Inoltre date un'occhiata a questo tutorial.

6. E' necessario... prelinkare?

Prelink è una potente applicazione, permette di pre linkare le librerie necessarie per un eseguibile prima di usarlo. Quindi, invece di cercare soltanto le librerie necessarie all'eseguibile prelink lo modifica aggiungendo una breve descrizione delle librerie che usa.
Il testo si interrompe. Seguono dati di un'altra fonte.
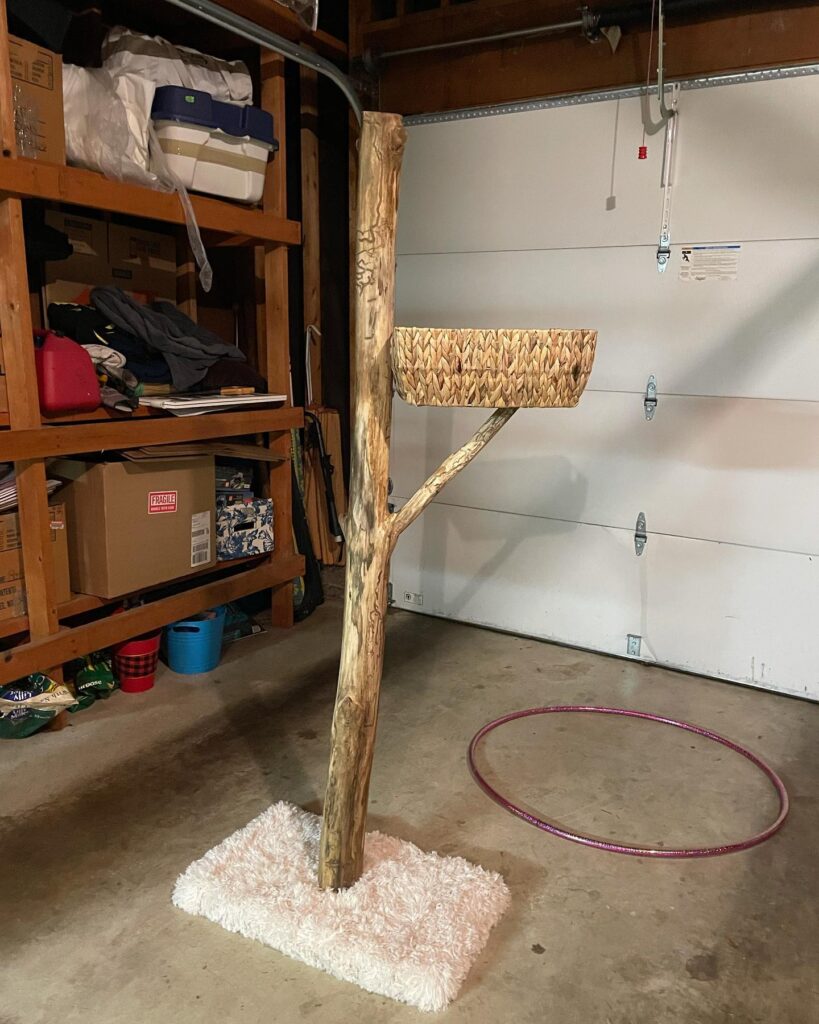 Pick a log with a natural fork already formed — hunting at lumber yards or fallen-tree spots saves you serious cutting work. Also, wedge a small rubber furniture pad under the base corner if the floor is uneven. Stability matters more than you’d think once a cat starts jumping.
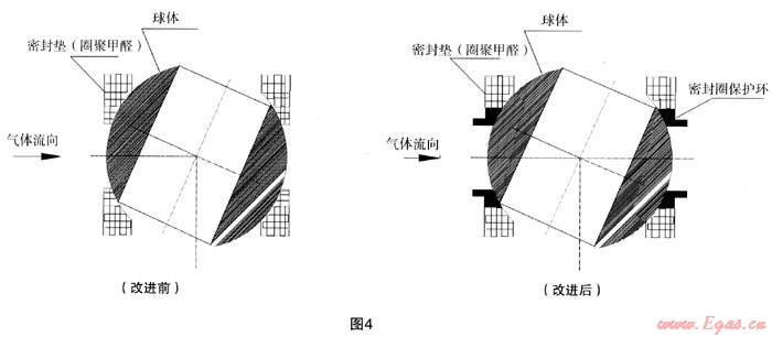 針對以上的原因及現(xiàn)象,結(jié)合液壓子站工作特點(diǎn)研究認(rèn)為:閥門內(nèi)漏原因和密封圈損壞現(xiàn)象提出,如果在氣動(dòng)球閥內(nèi)加一保護(hù)密封圈裝置,避免密封圈直接與雜質(zhì)、高溫氣液、液壓沖擊接觸,此問題就可得到較好的解決。改進(jìn)前后詳見圖4。
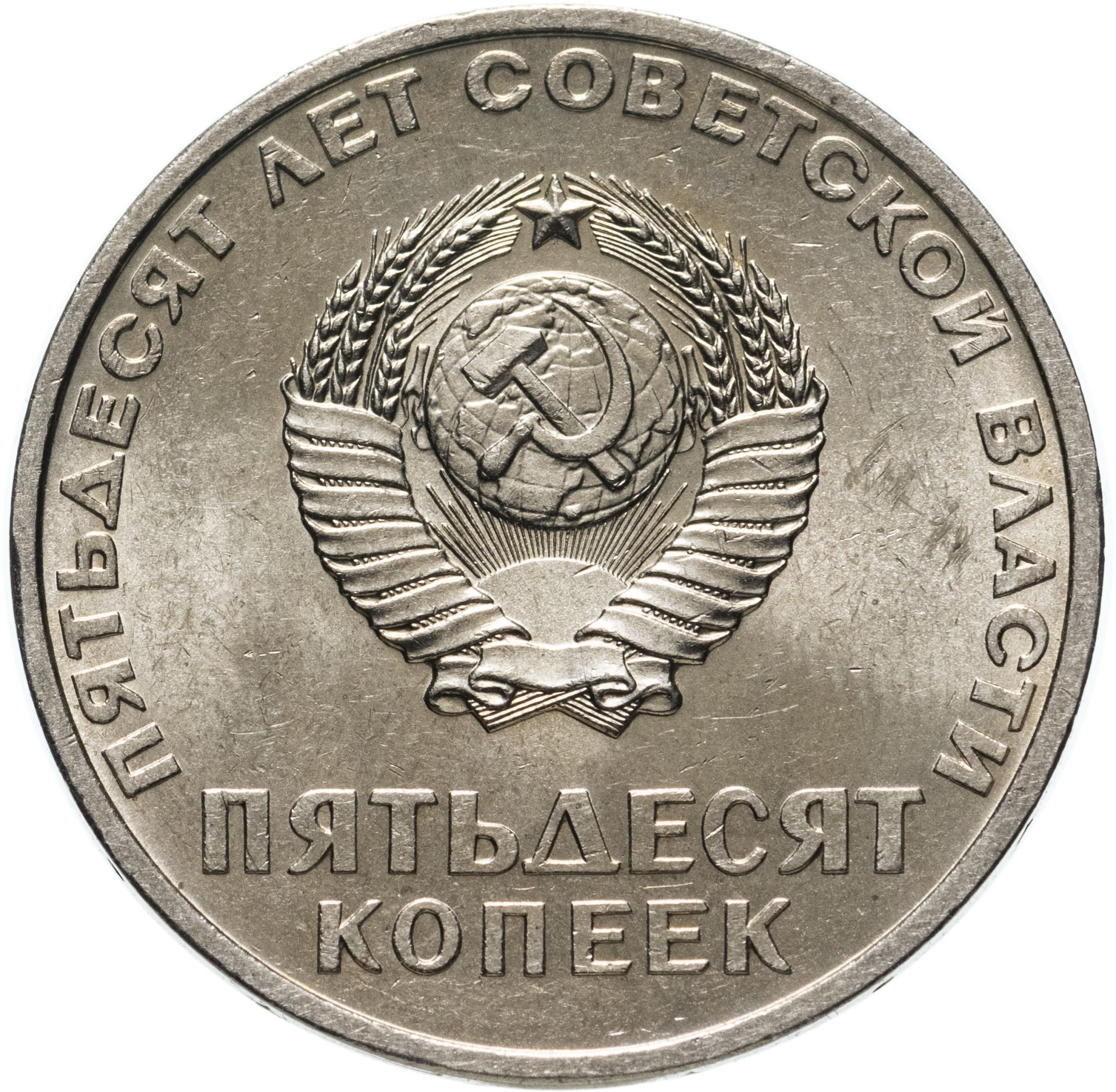 Сверху вдоль края монеты слова «ПЯТЬДЕСЯТ ЛЕТ СОВЕТСКОЙ ВЛАСТИ», в центре герб СССР с 15 витками ленты, под ним обозначение достоинства монеты «ПЯТЬДЕСЯТ» и ниже слово «КОПЕЕК».
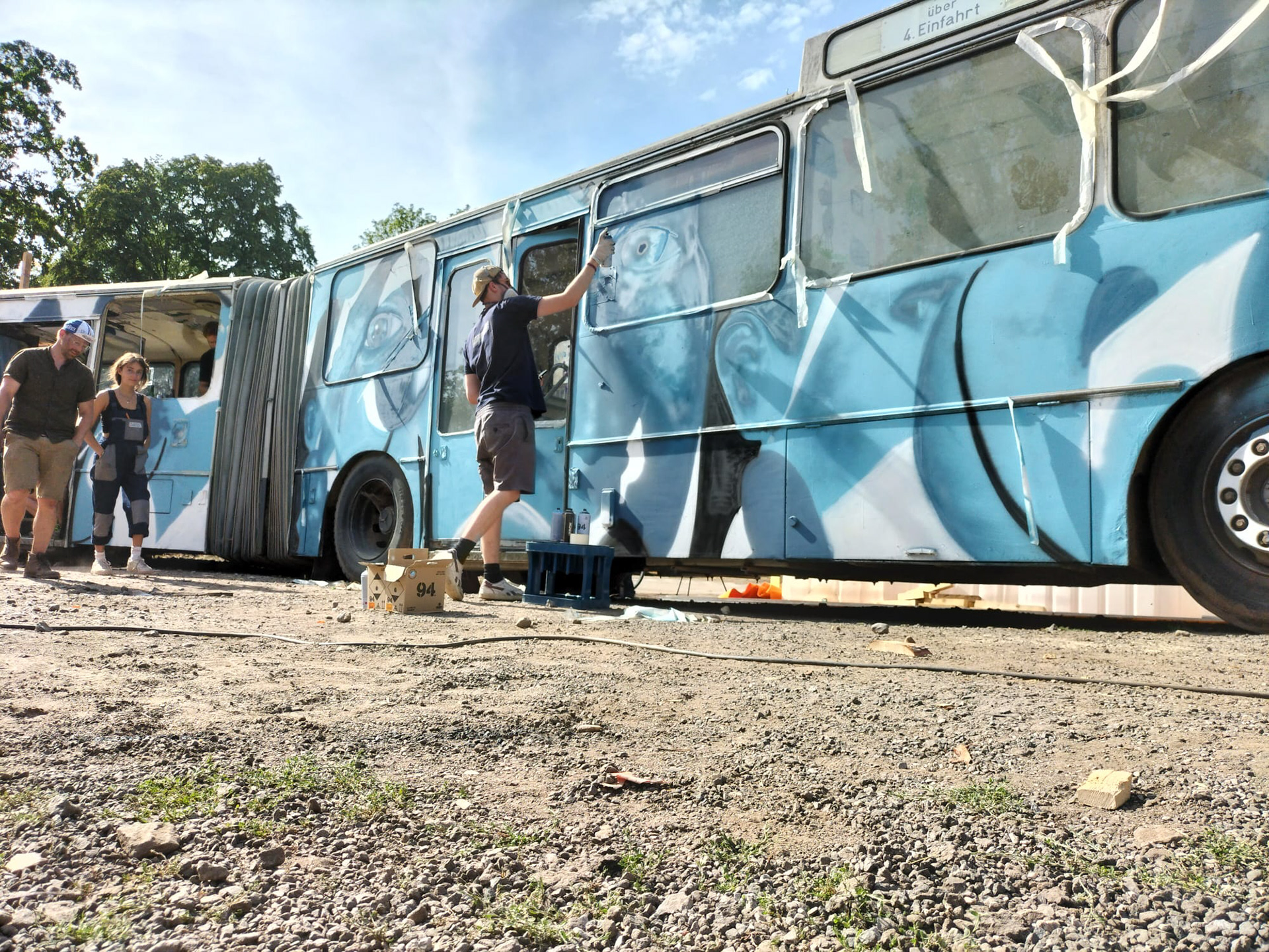 Im Rahmen des SNNTG Festivals 2022 durfte ich einen riesigen Gelenkbus gestalten. Mit Sprühdosen schuf ich ein surreales Bild in verschiedenen Blaunuancen. Das Festival bietet mir immer wieder die Chance, Neues auszuprobieren, wie die realistischen Schattierungen von Gesichtern, die ich in diesem Artwork umgesetzt habe. Es ist eine inspirierende Plattform, um meine kreativen Fähigkeiten weiterzuentwickeln und mit anderen Künstlern in einem dynamischen Umfeld zu interagieren.

In questo modo non sarà più necessario cercare le librerie condivise ogni volta che l'eseguibile viene lanciato, rendendolo più veloce.

Importante: ogni volta che upgradate le librerie necessarie per gli eseguibili (ad esempio glibc) dovrete rilanciare prelink sul sistema!
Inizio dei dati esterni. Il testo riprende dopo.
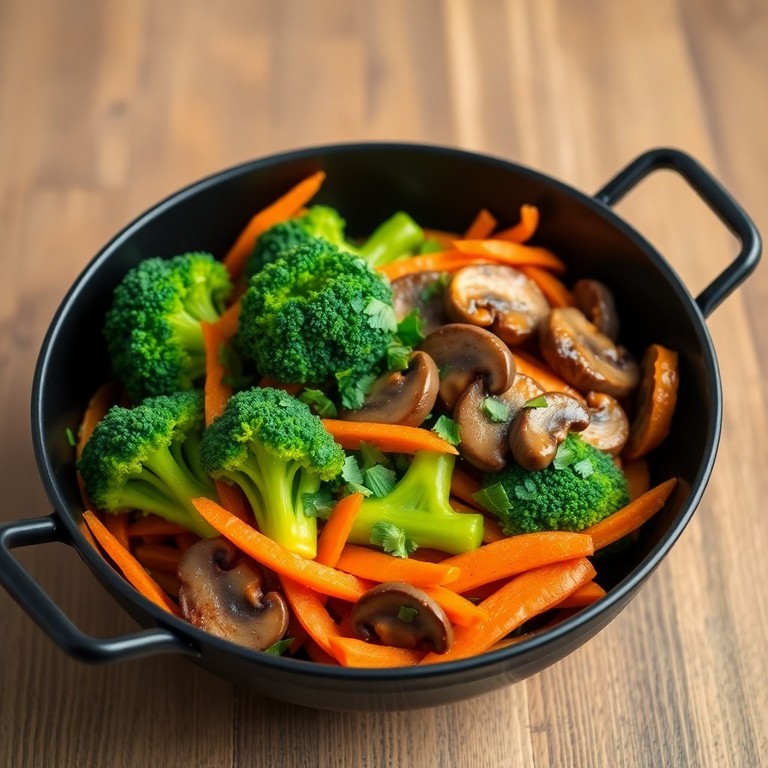 Wok met broccoli, wortel en champignons in knoflook-gingersaus
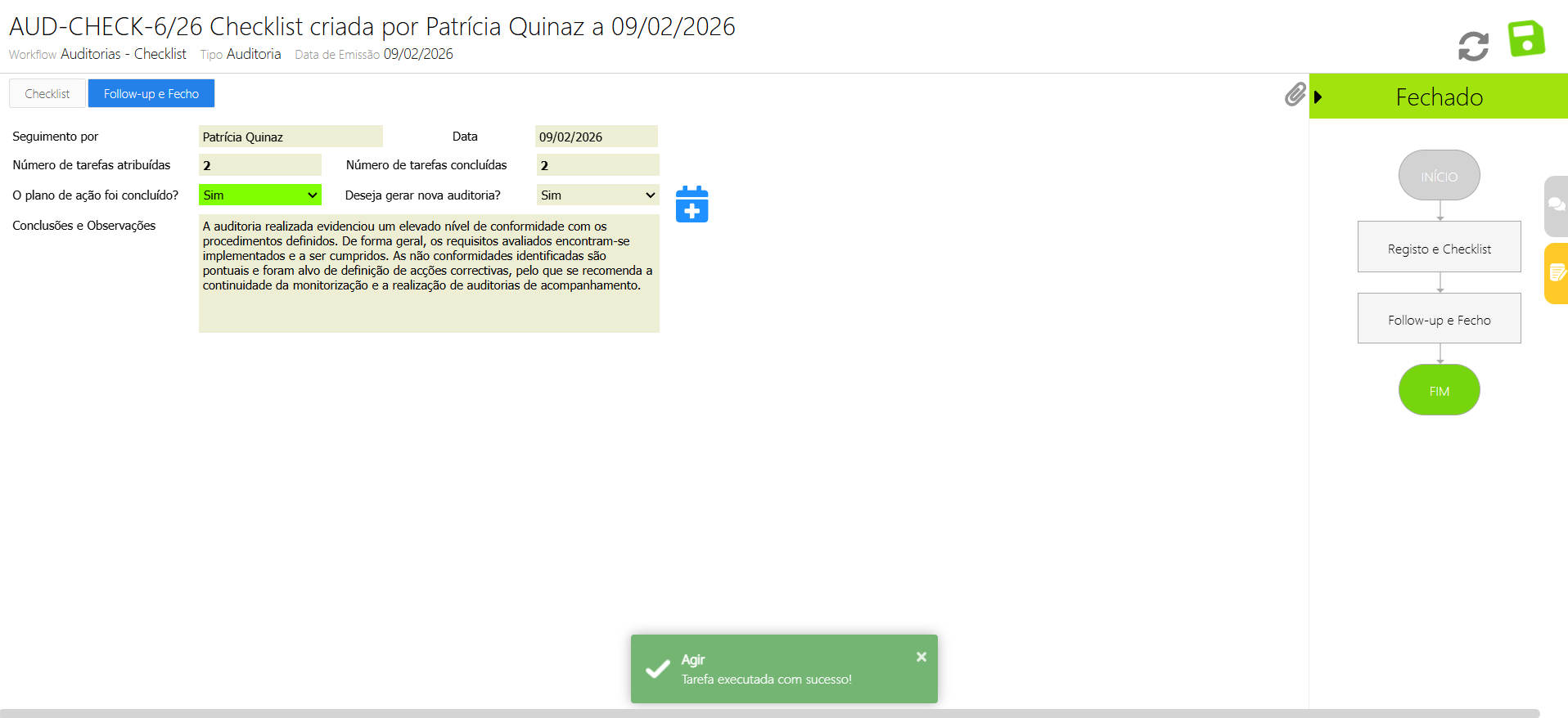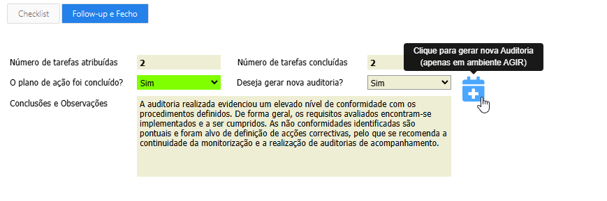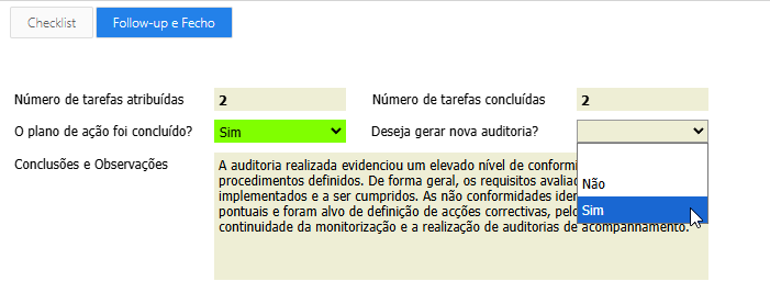 Após o fecho de todas as ações, deve afirmar que o plano de ação foi concluído e confirmar se deseja gerar uma nova auditoria.
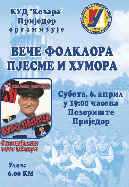 Osim članova KUD “Kozara” kao specijalni gost večeri nastupiće poznati humorista Đuro palica.

Questa ottimizzazione si rivela molto utile quando vengono lanciati eseguibili di grande dimensione e complessità come ad esempio KDE (ed inoltre, prelinkando il vostro sistema KDE non avrà più bisogno di lanciare kdeinit, diventando quindi molto più veloce all'avvio). Gli eseguibili di piccole dimensioni invece sono già estremamente veloci, per cui prelink non apporta grandi vantaggi.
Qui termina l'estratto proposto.